Add in additional lines (commented out by default) for quickly rejecting
URLs for extended content areas (doc, png, pdf, rtf, etc.) for people
who do not want anything but HTML or items with URLs that can get us the
HTML.

-- 
Rod Taylor <rb...@sitesell.com>

Re: Urlfilter Patch

Posted by Piotr Kosiorowski <pk...@gmail.com>.

Jérôme Charron wrote:
[...]
> build a list of file extensions to include (other ones will be excluded) in
> the fecth process.
[...]
I would not like to exclude all others - as for example many extensions 
are valid for html - especially dynamicly generated pages (jsp,asp,cgi 
just to name the easy ones and a lot of custom ones).  But the idea of 
automatically allowing extensions for which plugins are enabled is good 
in my opinion.
Anyway I will try to find my own list of forbidden extensions I prepared 
based on  80mln of urls - I just prepared the list of most common ones 
and went through it manually. I will try to find it over weekend so we 
can combine it with the list discussed in this thread.
P.

Re: Urlfilter Patch

Posted by Matt Kangas <ka...@gmail.com>.

Doug,

After sleeping on this idea, I realized that there's a middle ground  
that may give us (and website operators) the best of both worlds.

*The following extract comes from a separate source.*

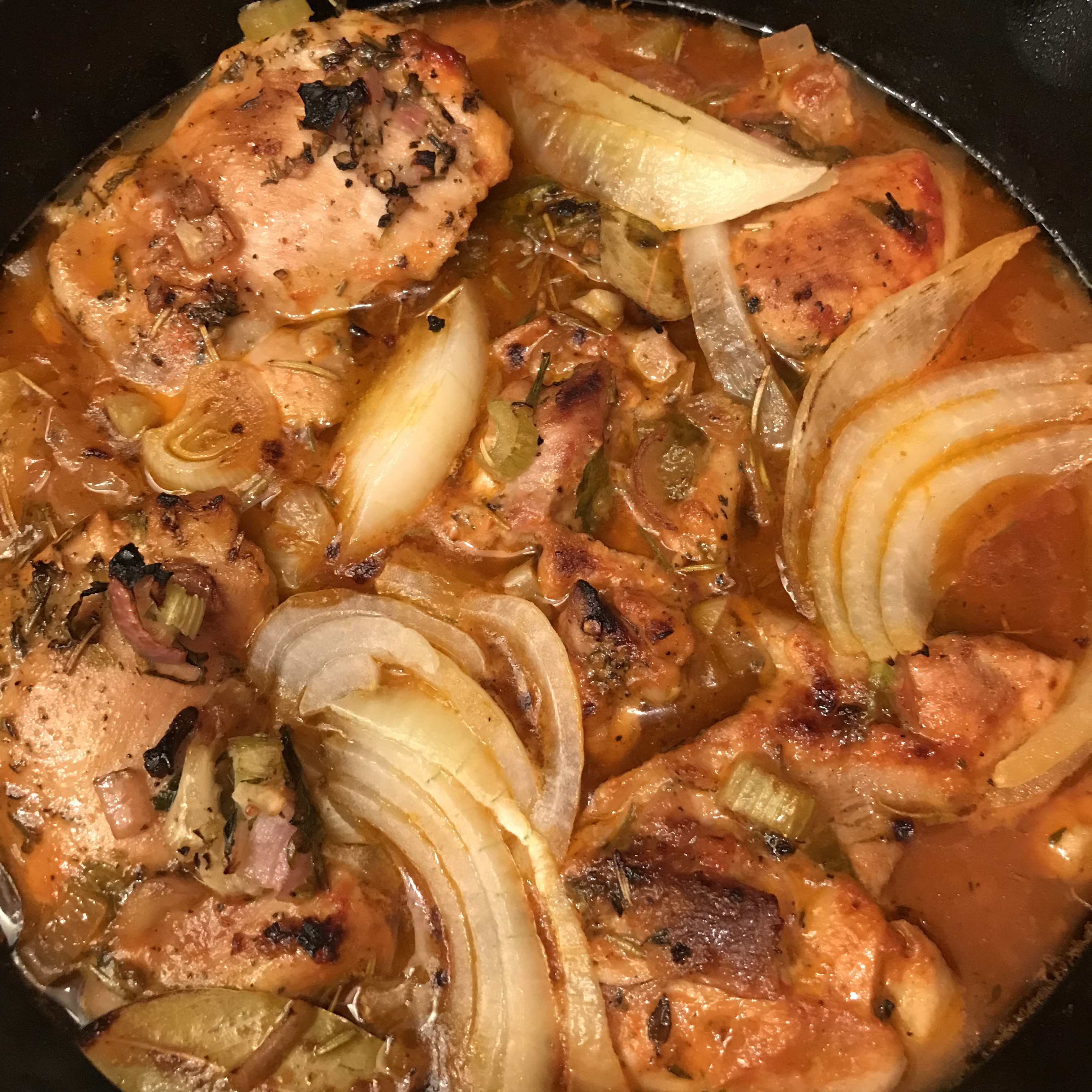 haitian chicken in creole sauce dish

The question: how to avoid fetching unparseable content?

Value in answering this:
- save crawl operators bandwidth, disk space, cpu time
- save website operators bandwidth (and maybe cpu time) = be better  
web citizens

Tools availble:
- regex-urlfilter.txt (nearly free to run, but is only an approximate  
answer)
- HTTP HEAD before GET (cheaper than blind GET, but mainly saves  
bandwidth, not server cpu)

Proposed strategy:

1) Define regex-urlfilter.txt, as we do now. Continue to weed out  
known-unparseable file extensions as early as possible.
2) Also define another regex list for extensions that are very likely  
to be text/html. (e.g. .html, .php).
Fetch these blindly with HTTP GET.
3) For everything else, perform HTTP HEAD first. If the mime-type is  
unparseable, do not follow with HTTP GET.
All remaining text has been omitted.